A handful of Apokolips cronies are there as well, including Granny Goodness.  Darkseid himself even shows up in the final few panels, but just as he appears, the heroes from New Genesis disappear, leaving Darkseid standing on Earth alone.  There is no great battle between the forces of good and evil; there is the hint of a major battle to come, but unfortunately Kirby’s comics ended before the stories were completed.

At least for a while…

The final portion of this trade contains Kirby’s graphic novel, written ten years after all the other comics, and tells the story of a major battle between Orion and Darkseid.  A few key players make a dramatic return, and tension is built from page one until the story concludes.

The battle in question is not, it would seem, the definitive “final battle” alluded to in prior issues, but it was exciting nonetheless.  I admit to being a bit disappointed that the New Gods characters were the only ones to make a return; The Forever People and Mister Miracle are nowhere to be found.  Still, I was glad to see Kirby was allowed to complete his story, at least in some sense of the word.

Having completed the entire Fourth World Omnibus, I feel pretty immersed in these early Kirby/DC characters.  Some stories were more thrilling than others, but all tied together to tell a sweeping saga.  Given how much Kirby accomplished with the limited run of these stories, one can only imagine what he could have done if the comics had lasted longer.  His influence on the comic world is evident on every page of these stories.  His writing, his artwork, the sheer scope of his imagination – it all shines through in these trades.  I even learned about a few stylistic devices credited specifically to him, specifically the Kirby Crackle:

wpid-wp-1444585206562.jpg(Kudos to Mistah J for teaching me that.  Honestly, I could write an entire post titled, “Comics Vocab with Mistah J”.  Maybe I will one day…)

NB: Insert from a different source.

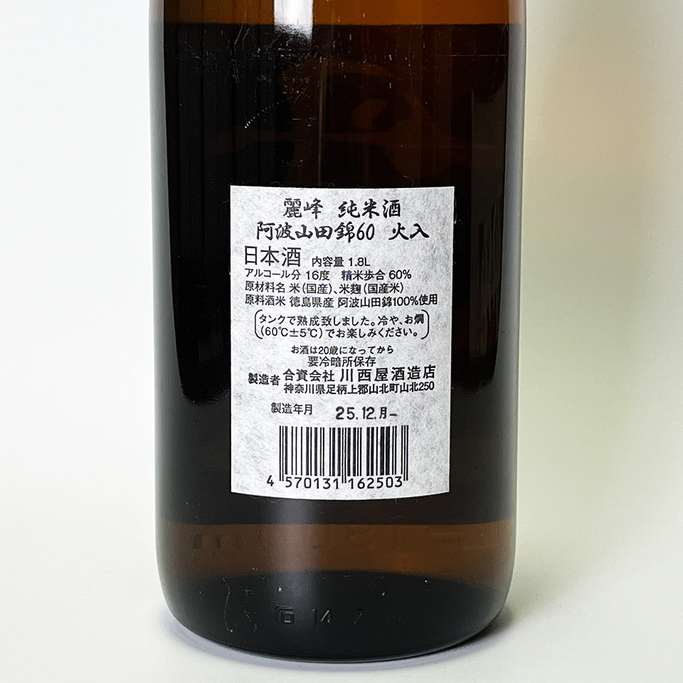 丹澤山(たんざわさん)麗峰 純米 阿波山田錦 60 火入れ
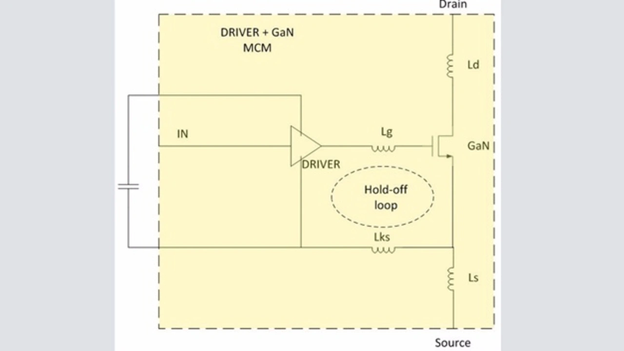 Bei dem in Bild 1bb gezeigten integrierten Gehäuse ist die Masse des Treibers per Bonddraht direkt mit dem Source-Pad des GaN-Chips verbunden. Diese Kelvin-Verbindung minimiert die Common-Source-Induktivität auf dem gemeinsamen Strompfad des Leistungs- und des Gate-Kreises, wodurch dieser Baustein ein wesentlich höheres di/dt erreichen kann. Selbstverständlich kann ein Kelvin-Source-Anschluss auch zu einem diskreten Gehäuse hinzugefügt werden. Dieses wird dadurch jedoch zu einem vom Standard abweichenden Gehäuse und außerdem muss man auf der Leiterplatte eine Leiterbahn vom Kelvin-Source-Anschluss zurück zum Treibergehäuse verlegen, was wiederum die Induktivität des Gate-Stromkreises erhöht.

As I read a lot of these earlier trades, I sometimes find myself wanting to get through the stories quickly, so that I can get to the more modern comics with more gripping stories and artwork.  I admit to feeling that way once or twice while reading these trades.  Now that they’re over though, I think I’m going to miss reading about these characters. They stick with you long after you’ve finished their stories, and I can only hope that they make a triumphant return to the DC multiverse at a later date.

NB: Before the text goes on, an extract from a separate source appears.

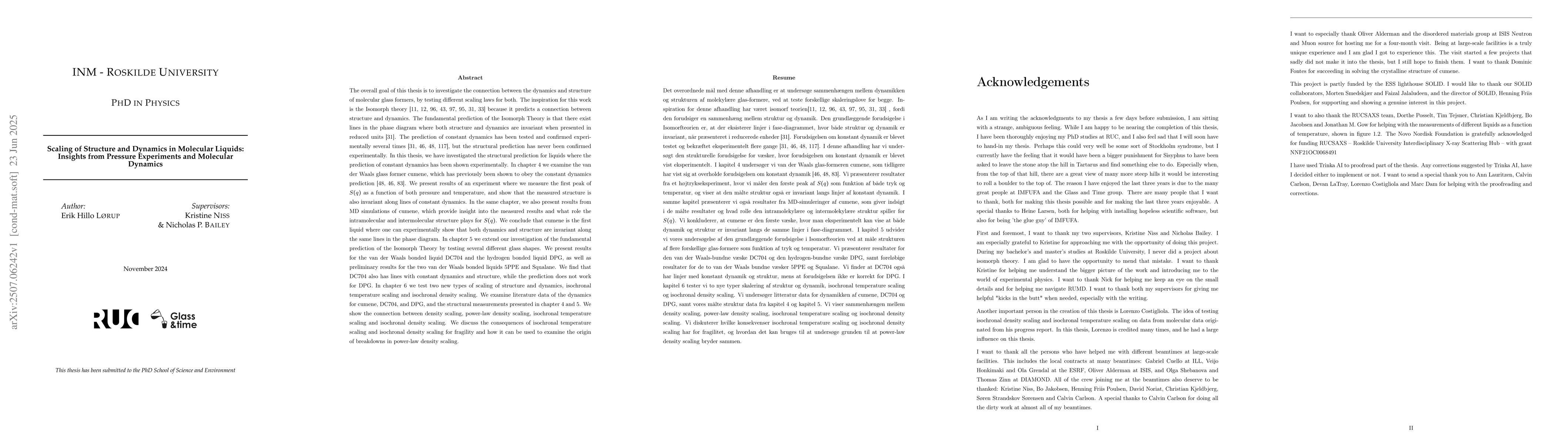The overall goal of this thesis is to investigate the connection between the dynamics and structure of molecular glass formers, by testing different scaling laws for both. The inspiration for this work is the Isomorph theory because it predicts a connection between structure and dynamics. The fundamental prediction of the Isomorph Theory is that there exist lines in the phase diagram where both structure and dynamics are invariant when presented in reduced units. The prediction of constant dynamics has been tested and confirmed experimentally several times, but the structural prediction has never been confirmed experimentally. In this thesis, we have investigated the structural prediction for liquids where the prediction of constant dynamics has been shown experimentally.

The legacy Kirby built with these comics is far-reaching, and knowing that his work with Marvel was even more impressive, I am in awe of his abilities.  Moving forward on the shelf, this will be a tough act to follow.  It’s truly a shame his incredible talent was cut short with these comics, but I’m sure his influence is still being felt today, and I expect I’ll be seeing that influence in plenty of comics to come.